Scott_Walker_primary_victory_2010 (1)

I read and mostly enjoyed Scott Walker’s new campaign biography. It is pretty good by the low standards of the genre. Walker is pretty clearly getting ready to run for president. Like Allahpundit said, Walker has the potential to appeal to both the Republican establishment and conservatives who identify with the Tea Party. Walker has balanced budget and shown that he can win over swing voters in a swing state. Walker’s run-ins with the Wisconsin government employee unions (and the furious response of the Democrats) has shown Tea Partiers that Walker is a fighter. And unlike other Tea Party fighters like Michele Bachmann and Ted Cruz, Walker has won his most high-profile fights. Walker has also avoided triangulating against his own party (unlike Chris Christie) and so doesn’t come across as a potential sellout.. Walker is a more polarizing and less charismatic figure than Christie, but of all the candidates, he is the one best positioned to draw voters from both the establishment and Tea Party voter pools.

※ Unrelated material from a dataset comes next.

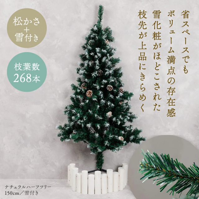 【自社倉庫出荷】ハーフツリー クリスマスツリー 120cm 150cm 『まるで本物の北欧ツリー』 北欧 ツリー おしゃれ 木 クリスマス ナチュラル 雪 雪付き 送料無料 レビュー 高評価

That doesn’t mean there aren’t problems with a Walker candidacy. Walker faces the same problem that Henry Olsen diagnosed with Chris Christie. Walker and Christie both managed to maintain (or even improve) public services without raising taxes by reducing the compensation and changing the employment conditions of public employees. This meant that Walker and Christie were, in practice, able to act as champions of taxpayers and recipients of public services against the minority of public employees. At the national level, changing the terms of federal employment, reducing subsidies to the connected, and cutting waste are all worthwhile, but that will only get you so far. Our biggest budget problems have to do with old-age entitlements and the structure of health care financing for the working-aged. These are places where almost all of us pay something and almost all of us get something back. As Olsen said, national level problems are about how much people are going to tax and spend on themselves. Walker’s Wisconsin experience indicates that he can think through problems, embrace bold solutions and fight to enact his favored policies, but his federal agenda will have to be different than what we have seen so far.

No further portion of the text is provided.